> _AVAILABLE DATA_
★ ★ ★
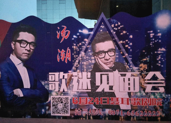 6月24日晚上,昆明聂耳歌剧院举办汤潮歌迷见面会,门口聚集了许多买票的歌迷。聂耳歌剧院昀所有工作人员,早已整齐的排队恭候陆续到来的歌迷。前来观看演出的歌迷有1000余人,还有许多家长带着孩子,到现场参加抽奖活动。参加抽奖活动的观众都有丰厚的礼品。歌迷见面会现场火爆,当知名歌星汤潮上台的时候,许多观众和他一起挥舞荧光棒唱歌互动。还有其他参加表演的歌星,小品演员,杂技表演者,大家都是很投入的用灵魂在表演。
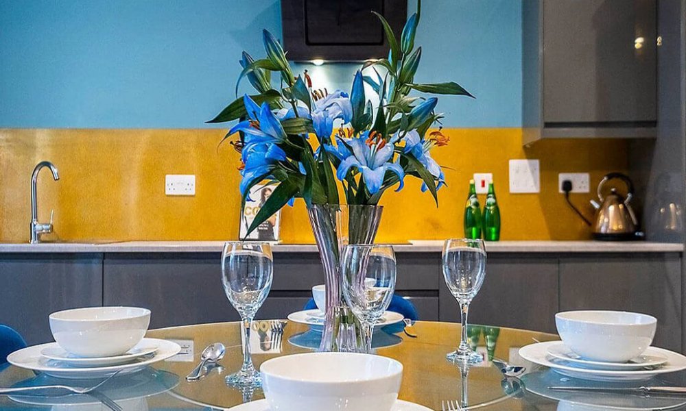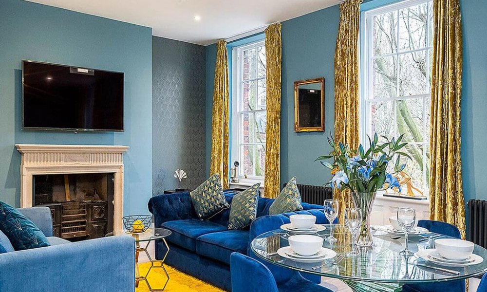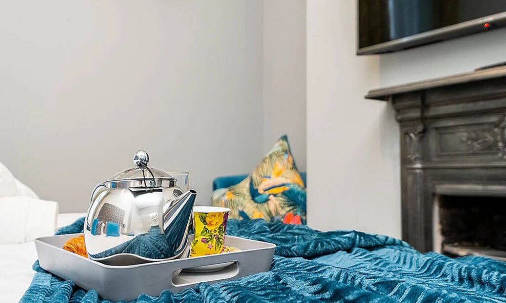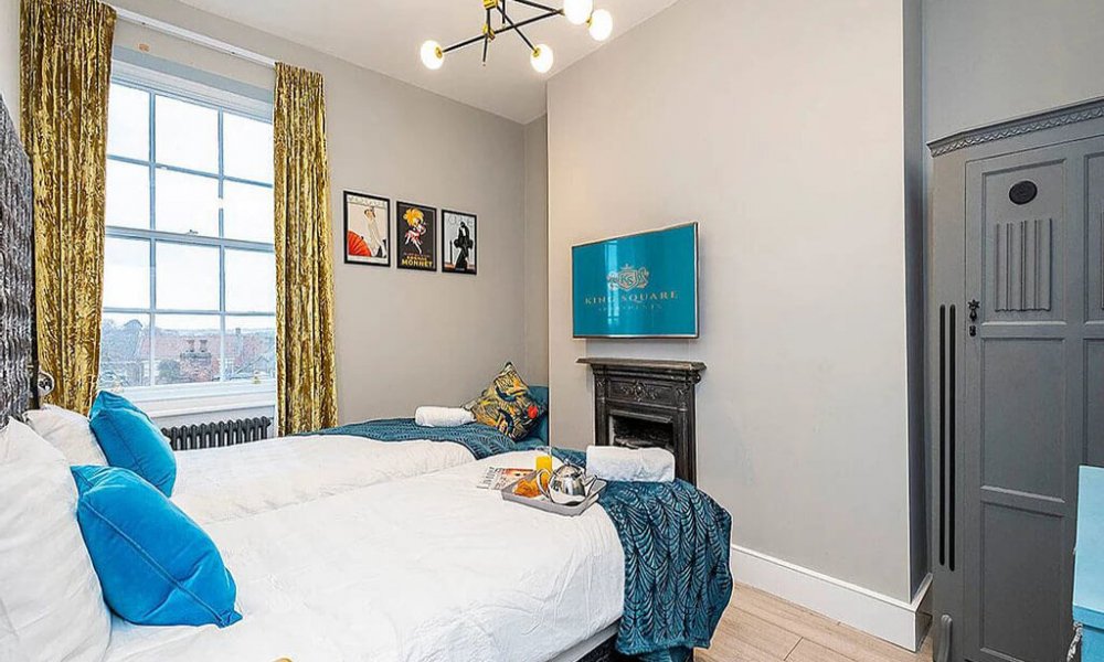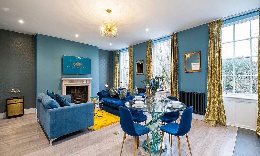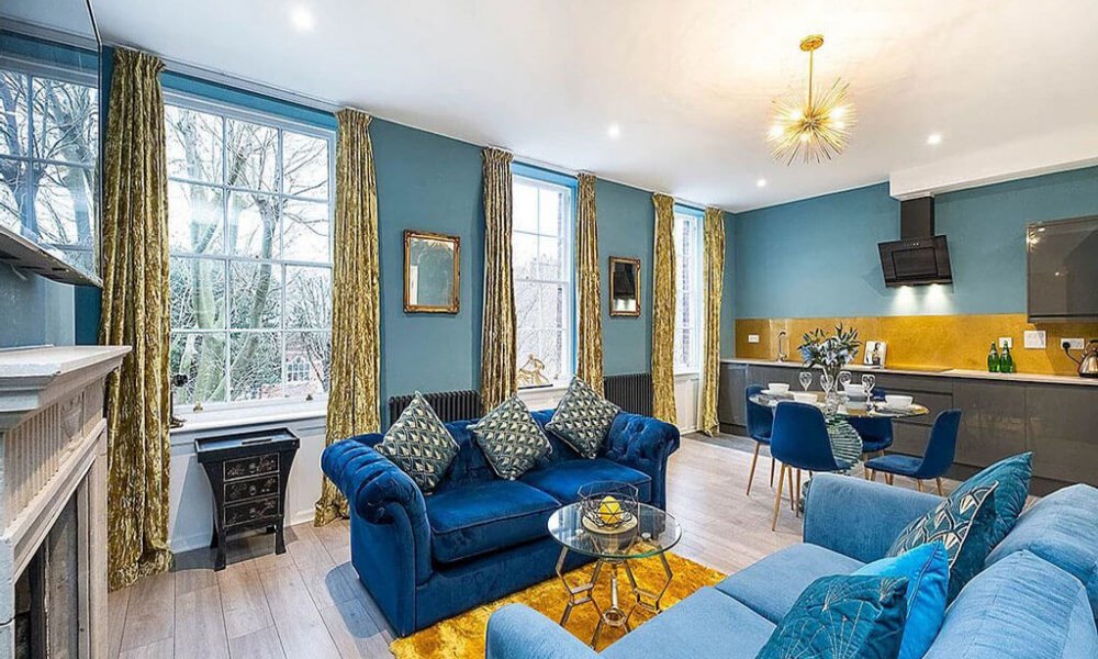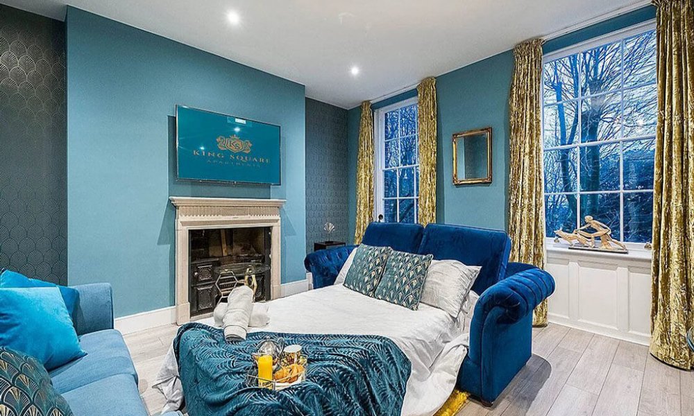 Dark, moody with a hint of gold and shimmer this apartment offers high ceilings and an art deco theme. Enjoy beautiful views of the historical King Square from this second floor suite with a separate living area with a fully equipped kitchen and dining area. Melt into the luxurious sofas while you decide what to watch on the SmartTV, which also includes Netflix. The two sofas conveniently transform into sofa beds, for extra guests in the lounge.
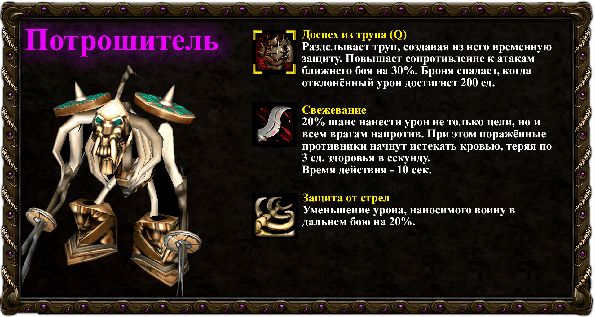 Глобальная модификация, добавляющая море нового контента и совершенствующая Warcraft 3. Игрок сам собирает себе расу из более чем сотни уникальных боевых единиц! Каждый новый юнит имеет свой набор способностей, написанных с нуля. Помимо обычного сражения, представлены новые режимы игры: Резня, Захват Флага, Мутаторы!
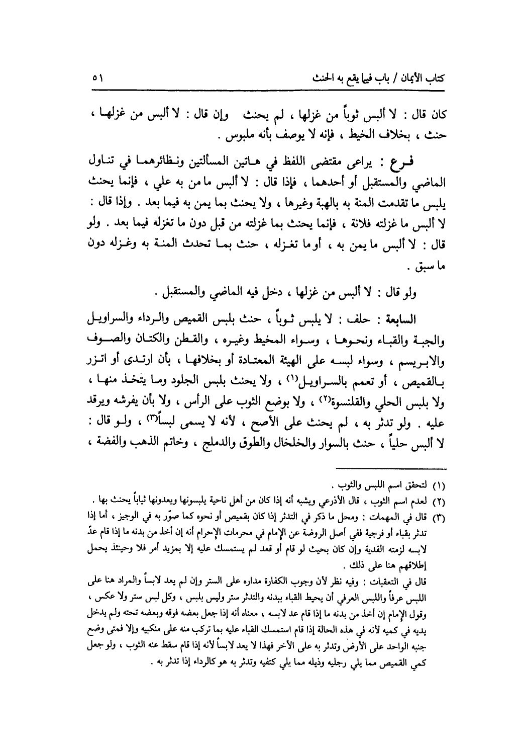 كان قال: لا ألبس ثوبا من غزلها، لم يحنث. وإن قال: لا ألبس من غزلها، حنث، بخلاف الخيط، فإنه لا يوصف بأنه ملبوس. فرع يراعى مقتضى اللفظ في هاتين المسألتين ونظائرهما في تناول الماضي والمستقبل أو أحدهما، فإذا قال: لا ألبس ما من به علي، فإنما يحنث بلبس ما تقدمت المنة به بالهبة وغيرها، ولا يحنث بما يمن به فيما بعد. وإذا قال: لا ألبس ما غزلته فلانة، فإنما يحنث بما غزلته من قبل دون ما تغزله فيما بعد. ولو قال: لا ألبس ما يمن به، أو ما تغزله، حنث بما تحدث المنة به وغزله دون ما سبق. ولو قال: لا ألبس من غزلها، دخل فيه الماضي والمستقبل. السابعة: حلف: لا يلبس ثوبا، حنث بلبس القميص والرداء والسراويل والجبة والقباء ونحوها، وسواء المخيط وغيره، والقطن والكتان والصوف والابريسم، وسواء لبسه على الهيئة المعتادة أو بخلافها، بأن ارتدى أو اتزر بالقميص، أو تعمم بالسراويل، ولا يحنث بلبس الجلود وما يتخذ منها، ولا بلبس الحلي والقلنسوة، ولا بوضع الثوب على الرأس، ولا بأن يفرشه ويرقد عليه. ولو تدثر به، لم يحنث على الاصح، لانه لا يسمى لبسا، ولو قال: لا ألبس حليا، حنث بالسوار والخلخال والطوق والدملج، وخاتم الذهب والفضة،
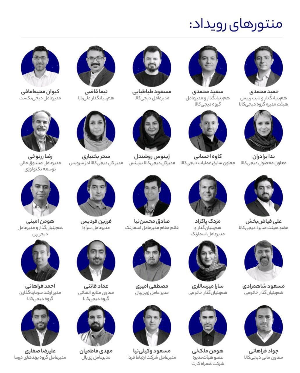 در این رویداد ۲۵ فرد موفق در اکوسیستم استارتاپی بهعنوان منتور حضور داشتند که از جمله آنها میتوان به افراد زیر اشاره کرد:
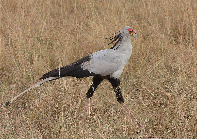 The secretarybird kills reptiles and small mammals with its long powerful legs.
★ ★ ★
> _WHAT TO WORK ON_
Print the data above in full and exactly as it appears, skipping the pictures.

> _EXPECTED ANSWER_
 6月24日晚上,昆明聂耳歌剧院举办汤潮歌迷见面会,门口聚集了许多买票的歌迷。聂耳歌剧院昀所有工作人员,早已整齐的排队恭候陆续到来的歌迷。前来观看演出的歌迷有1000余人,还有许多家长带着孩子,到现场参加抽奖活动。参加抽奖活动的观众都有丰厚的礼品。歌迷见面会现场火爆,当知名歌星汤潮上台的时候,许多观众和他一起挥舞荧光棒唱歌互动。还有其他参加表演的歌星,小品演员,杂技表演者,大家都是很投入的用灵魂在表演。
 Dark, moody with a hint of gold and shimmer this apartment offers high ceilings and an art deco theme. Enjoy beautiful views of the historical King Square from this second floor suite with a separate living area with a fully equipped kitchen and dining area. Melt into the luxurious sofas while you decide what to watch on the SmartTV, which also includes Netflix. The two sofas conveniently transform into sofa beds, for extra guests in the lounge.
 Глобальная модификация, добавляющая море нового контента и совершенствующая Warcraft 3. Игрок сам собирает себе расу из более чем сотни уникальных боевых единиц! Каждый новый юнит имеет свой набор способностей, написанных с нуля. Помимо обычного сражения, представлены новые режимы игры: Резня, Захват Флага, Мутаторы!
 كان قال: لا ألبس ثوبا من غزلها، لم يحنث. وإن قال: لا ألبس من غزلها، حنث، بخلاف الخيط، فإنه لا يوصف بأنه ملبوس. فرع يراعى مقتضى اللفظ في هاتين المسألتين ونظائرهما في تناول الماضي والمستقبل أو أحدهما، فإذا قال: لا ألبس ما من به علي، فإنما يحنث بلبس ما تقدمت المنة به بالهبة وغيرها، ولا يحنث بما يمن به فيما بعد. وإذا قال: لا ألبس ما غزلته فلانة، فإنما يحنث بما غزلته من قبل دون ما تغزله فيما بعد. ولو قال: لا ألبس ما يمن به، أو ما تغزله، حنث بما تحدث المنة به وغزله دون ما سبق. ولو قال: لا ألبس من غزلها، دخل فيه الماضي والمستقبل. السابعة: حلف: لا يلبس ثوبا، حنث بلبس القميص والرداء والسراويل والجبة والقباء ونحوها، وسواء المخيط وغيره، والقطن والكتان والصوف والابريسم، وسواء لبسه على الهيئة المعتادة أو بخلافها، بأن ارتدى أو اتزر بالقميص، أو تعمم بالسراويل، ولا يحنث بلبس الجلود وما يتخذ منها، ولا بلبس الحلي والقلنسوة، ولا بوضع الثوب على الرأس، ولا بأن يفرشه ويرقد عليه. ولو تدثر به، لم يحنث على الاصح، لانه لا يسمى لبسا، ولو قال: لا ألبس حليا، حنث بالسوار والخلخال والطوق والدملج، وخاتم الذهب والفضة،
 در این رویداد ۲۵ فرد موفق در اکوسیستم استارتاپی بهعنوان منتور حضور داشتند که از جمله آنها میتوان به افراد زیر اشاره کرد:
 The secretarybird kills reptiles and small mammals with its long powerful legs.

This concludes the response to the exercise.